The songs range from the introductory poem, Winter’s Coming, a reflection on isolation and the pandemic, through mediations on death and loss (And I Have Been Looking and If Not Today) to The Corner, about homelessness, which as in the UK, is prevalent in Canada. The Dance acknowledges the indigenous people of Canada, and by implication the misappropriation of their land and culture.
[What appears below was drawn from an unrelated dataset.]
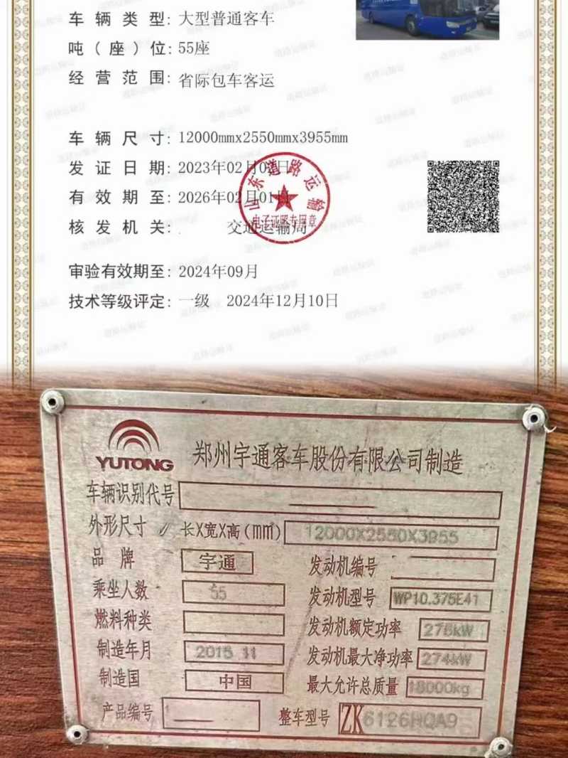 | 客车品牌 | 宇通客车 | 上牌时间 | 2015-12-25 |

The musical accompaniment for these remains in the realm of tango; Valeria Matzner’s vocals conjure up a cabaret feel.

Violinist Aparna Halpé provides the lyrics for the songs, with the exception of El Adiós (The Farewell), the 1937 tango classic by Huergo and Clemente and a haunting and heartfelt lament.

But it’s the instrumentals that attracted my attention most and the distinct elements of tango, evoking sadness, nostalgia, elegance and suspense. They have a different feeling to the accordion-led work of someone like Richard Galliano, and there’s a striking interaction between the strings. This is evident in Sybil Shanahan’s cello, effectively portraying melancholic sorrow to the point of despair on Deriva, closely supported by Shannon Wojewoda’s bass line as the strings lay down an angular, staccato rhythm which adds to the anguish.
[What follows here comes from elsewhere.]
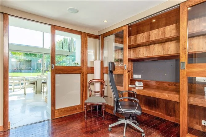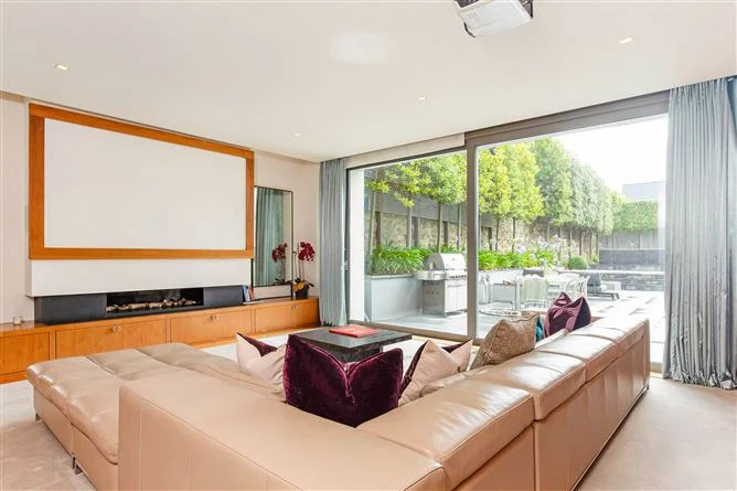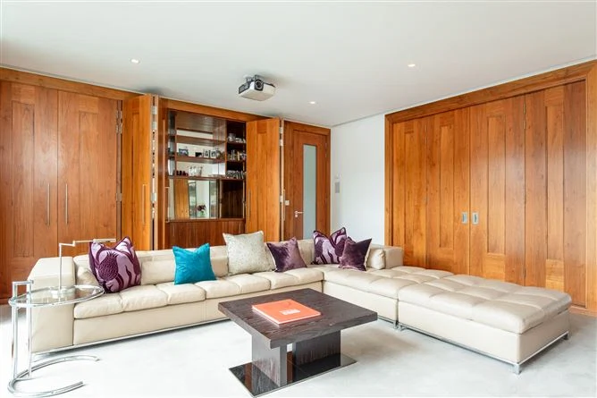 The main family room/cinema room can be found under the formal drawing room and has been fitted with a hidden bar, projector and screen. One of the five bedrooms, currently being used as a home gym, can be found to the front while a full bathroom with sauna is located beside this room.

The slowly altered repetition of Variación is wonderfully dramatic, measured and menacing, with an ominous heartbeat bass; Pompeya is an infectious enticement to practise a fast milonga routine, as is the clapping, beating and what sounds like flamenco footwork of the zapateado Charrua. Fuimos provides an interlude, Eva Wolff soloing, before the drama continues, her bandoneon mingling with the strings on If Not Today and leading into El Adiós.

Whilst not strictly a jazz album, it retains common ground in the rhythmic basis of both tango and jazz, in improvisational elements despite its formality and in the freedom to cut loose through impassioned or emotive phrasing. Thrilling, thought-provoking and enjoyable.


Discography
Winter’s Coming; Deriva; Pompeya; Variacion; And I Have Been Looking; The Corner; Fuimos; If Not Today; YYZ; El Adiós; Charrua; The Dance (39.51)
Valeria Matzner (v); Aparna Halpé, Suhashini Arulanandam (vn); Esme Allen-Creighton (vla); Sybil Shanahan (clo); Shannon Wojewoda (b); Elizabeth Acker (p); Eva Wolff (bandoneon). Toronto and (track 7) Buenos Aires.